Mit Beschluss vom 25. 8. 2010 lehnte das Bezirksgericht Traun die Übernahme der Führung des Verfahrens mit der Begründung ab, aus dem Akt ergebe sich kein Hinweis auf einen gewöhnlichen Aufenthalt in seinem Sprengel, zumal die Betroffene dort nicht einmal zwei Monate gewesen sei; auch ein Mietverhältnis spreche nicht zwingend dafür, es sei überdies unklar, woraus sich ein solches ergebe.
Das Bezirksgericht Bregenz legte daraufhin den Akt dem Obersten Gerichtshof zur Entscheidung über den negativen Kompetenzkonflikt vor.
Rechtliche Beurteilung
Gemäß § 109 Abs 1 JN ist zur Bestellung des Sachwalters das Gericht zuständig, in dessen Sprengel der Betroffene seinen gewöhnlichen Aufenthalt, mangels eines solchen im Inland seinen Aufenthalt hat. Fehlt ein Aufenthalt im Inland, so ist das Gericht zuständig, in dessen Sprengel der Betroffene seinen letzten gewöhnlichen Aufenthalt im Inland hatte (§ 109 Abs 2 JN).

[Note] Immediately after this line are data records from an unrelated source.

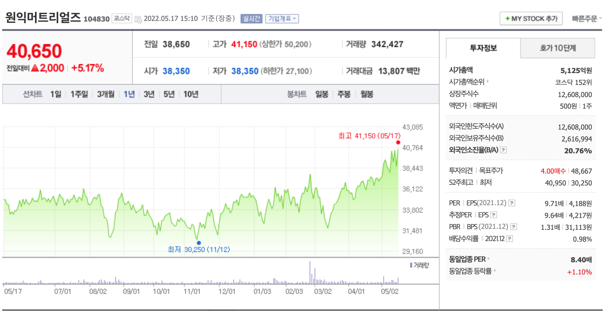 원익머트리얼즈는 반도체 특수가스 제조 업체로 미국 법인 소유하고 있어 바이든 대통령이 한미정상회담에서 반도체 안건을 제시하거나 삼성전자 평택공장 방문과 함께 삼성전자 공장 증설 투자시 수혜를 받을 가능성이 있어보인다.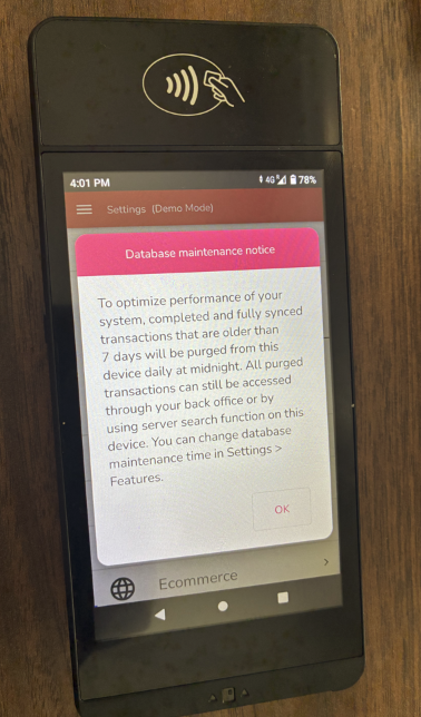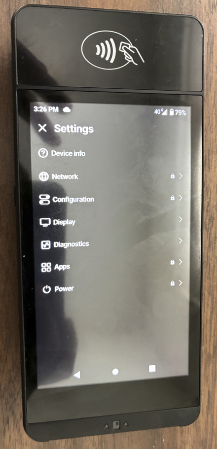 By default, the device comes with only two applications: Settings & Transactions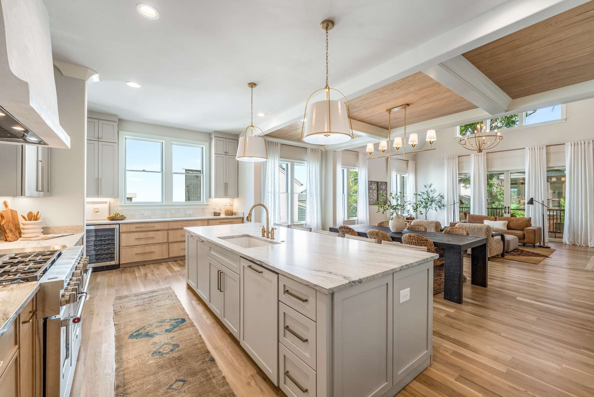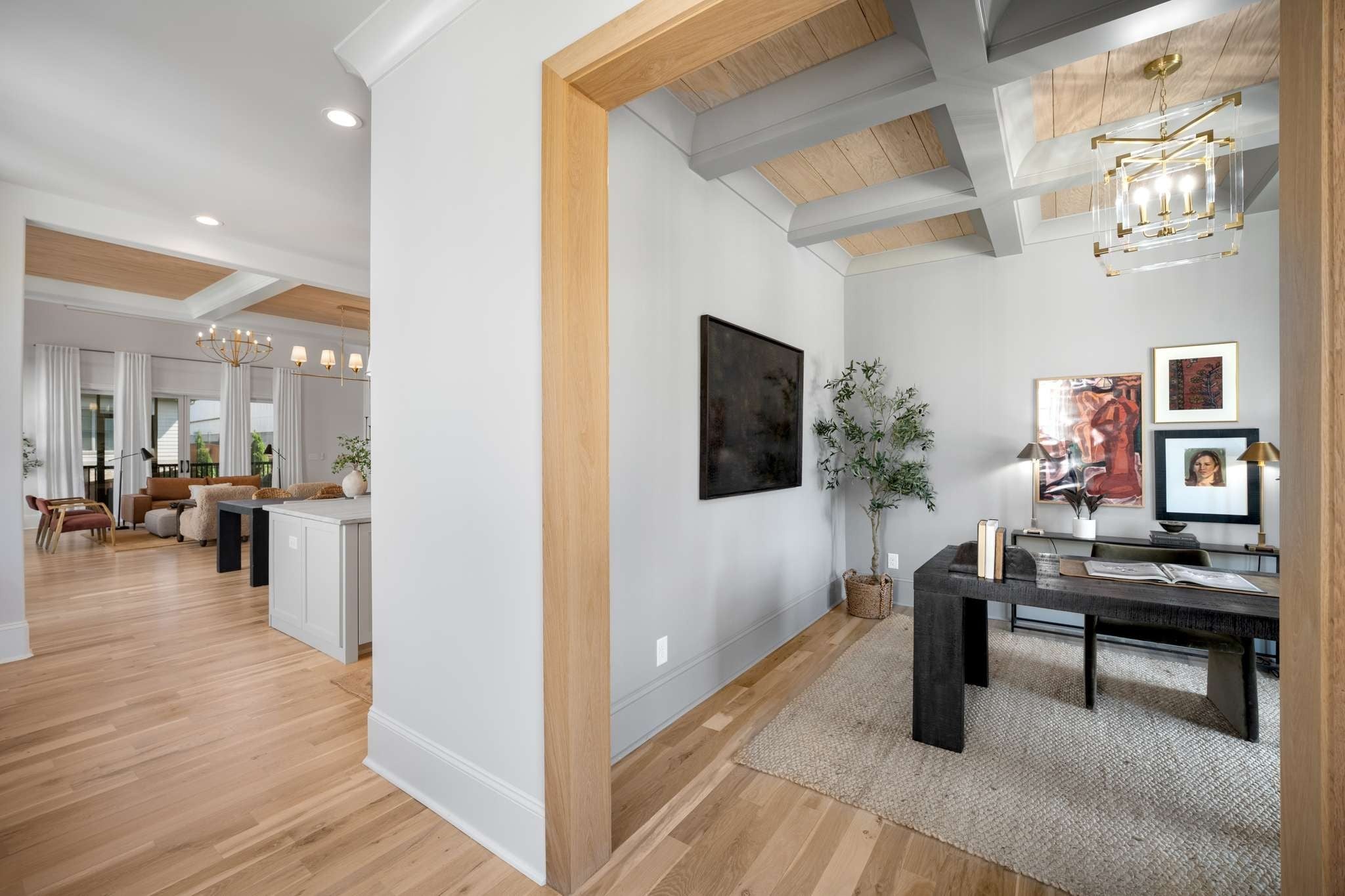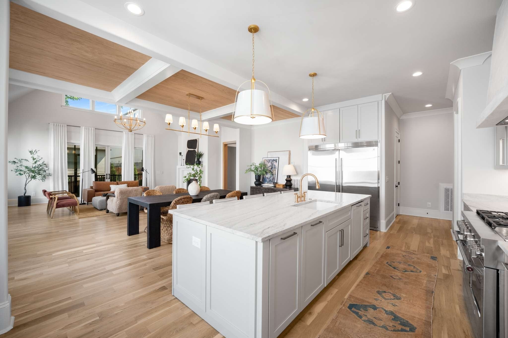 Welcome to 3402 Golf Club Lane.. Just completed new construction - Nestled in the heart of Green Hills on the prestigious Golf Club Lane, this stunning new construction home redefines luxury living with its exquisite architectural details and unparalleled craftsmanship. Step inside to world-class finishes, including beautiful oak hardwood floors throughout, intricate handcrafted oak trim and door casings, coffered ceilings with wood inlays, and soaring vaulted ceilings in the living room that amplify the sense of grandeur. Flooded with natural light through expansive floor to ceiling windows, the open-concept design showcases a chef's dream kitchen boasting a massive built-in refrigerator, separate full freezer, custom cabinets, designer tile backsplashes, and abundant stone countertops. Every detail shines, from the European designer lighting and decorative mirrors to superior moldings that elevate the home's custom-built elegance. The primary suite is a true retreat, featuring a separate soaking tub and oversized rain shower, double vanities with expansive stone countertops and storage, and ultimate privacy. Each bedroom enjoys its own luxurious en-suite bath, while the main living spaces include a rare wood-burning fireplace with gas starter—paired with a screened-in porch and cozy fireplace. Additional gems abound: a walk-in butler's pantry with an extra sink, built-in microwave, wine fridge, and space for appliances (plus a second dishwasher); a massive laundry room with stone counters and ample storage; and a serene library retreat illuminated by designer fixtures. Lush, mature landscaping envelops the property, creating a private oasis. Perfectly positioned, you're steps from Green Hills Mall, Whole Foods, top restaurants, and boutique shops, with easy interstate access—just 15 minutes to everything you need. This is more than a home; it's a masterpiece of sophistication and convenience.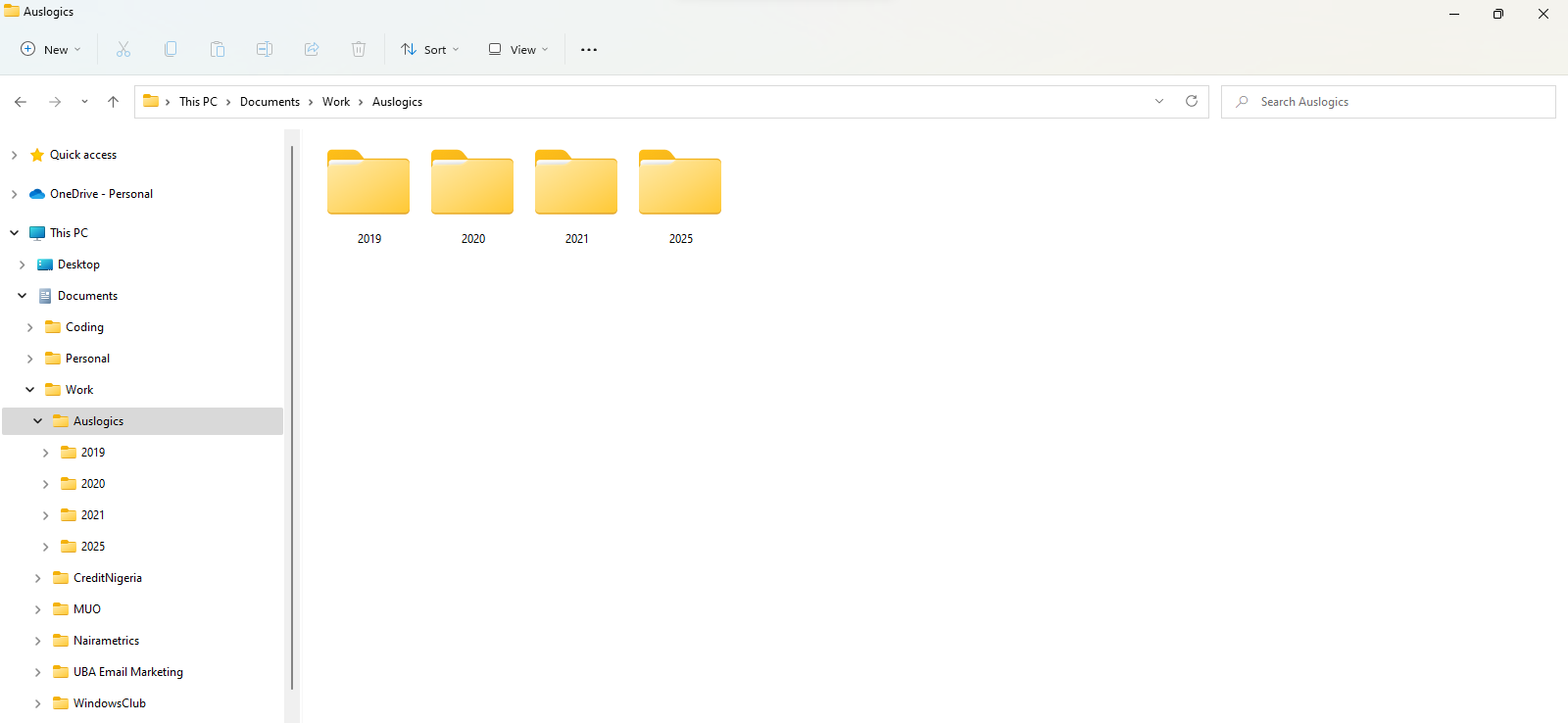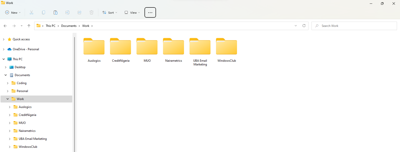 For example, I have created my main folders based on activity as follows: Work, Personal, and Coding. These three folders contain all the files that I have saved on my computer, including images, videos, photos, documents, and even sorted downloaded files.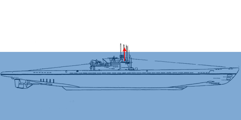 The periscope housing will be used as an additional way to fasten the sail to the deck, so it is marked just past were it exits the underside of the deck into the hull.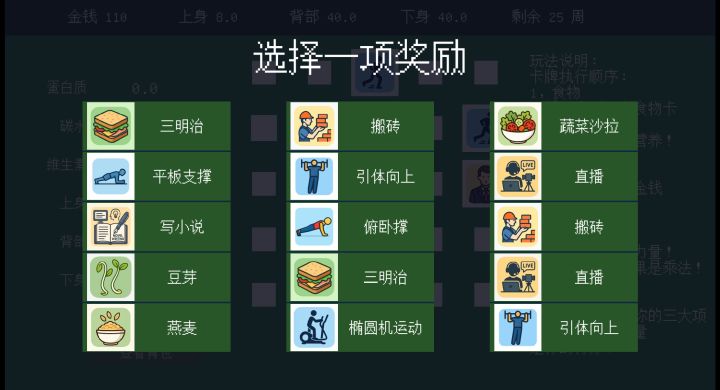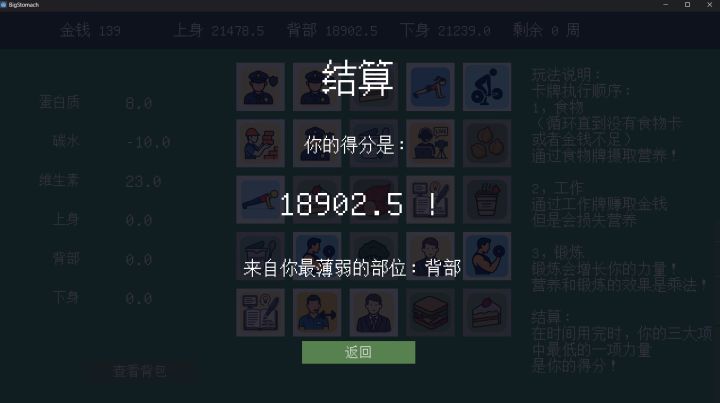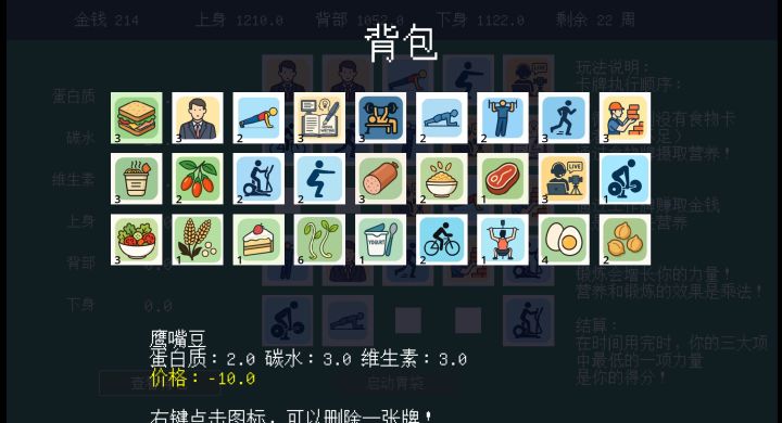 休闲策略游戏,只需要启动胃袋即可,会从背包中随机抽取卡牌排列在场上。左侧显示获得的属性和对应加成,在满足属性加成是正数的时候,上身、背部、下身属性才会得到增长,若是负数则会降低。以周为单位进行游戏,一周结束后可以三选一抽取卡牌,一堆卡牌五种随机出现,可以填充到背包内随机抽取,有少许选择策略。新手引导在右侧,对规则进行了说明,操作并未提及,实际只需点一个按钮即可启动游戏,没其他可操作内容,摸索下也能知道怎么玩。

Gemäß § 44 Abs 1 JN ist (unter anderem) im außerstreitigen Verfahren bei sachlicher oder örtlicher Unzuständigkeit des angerufenen Gerichts diese auszusprechen und die Rechtssache an das örtlich oder sachlich zuständige Gericht zu überweisen. Der dieser Bestimmung entsprechende Überweisungsbeschluss ist unabhängig von seiner Zustellung an die Parteien (vgl RIS-Justiz RS0046363) für das Adressatgericht so lange maßgebend, als dieser nicht in höherer Instanz rechtskräftig abgeändert wird (RIS-Justiz RS0081664), sodass es seine Unzuständigkeit nicht mit der Begründung aussprechen kann, das überweisende Gericht sei zuständig (zuletzt etwa 5 Nc 9/10h mwN). Das Gericht, an das überwiesen wurde, kann dieser Bindungswirkung auch nicht dadurch entgehen, dass es seinen Unzuständigkeitsbeschluss - wie hier - noch vor Eintritt der Rechtskraft des Überweisungsbeschlusses - eine Zustellung an die Betroffene unterblieb bislang - fasst (5 Nc 9/10h mwN). Auf die Bindungswirkung des Überweisungsbeschlusses ist bei der Entscheidung nach § 47 JN daher auch dann Bedacht zu nehmen, wenn der Unzuständigkeitsbeschluss des Gerichts, an das die Sache überwiesen wurde, noch vor Eintritt der Rechtskraft des Überweisungsbeschlusses erfolgte. Die gegenteilige Ansicht im Schrifttum lehnte der Oberste Gerichtshof mehrfach mit eingehender Begründung ab (5 Nc 9/10h mwN).
Der Beschluss des Bezirksgerichts Traun, mit dem es die Übernahme der Führung des Sachwalterschaftsverfahrens ablehnte, verletzte demnach die Bindungswirkung des vorausgehenden Überweisungsbeschlusses des Bezirksgerichts Bregenz, weshalb dieser - ohne auf die Frage nach dessen Richtigkeit einzugehen (RIS-Justiz RS0046391) - aufzuheben war.
Textnummer
E95387European Case Law Identifier (ECLI)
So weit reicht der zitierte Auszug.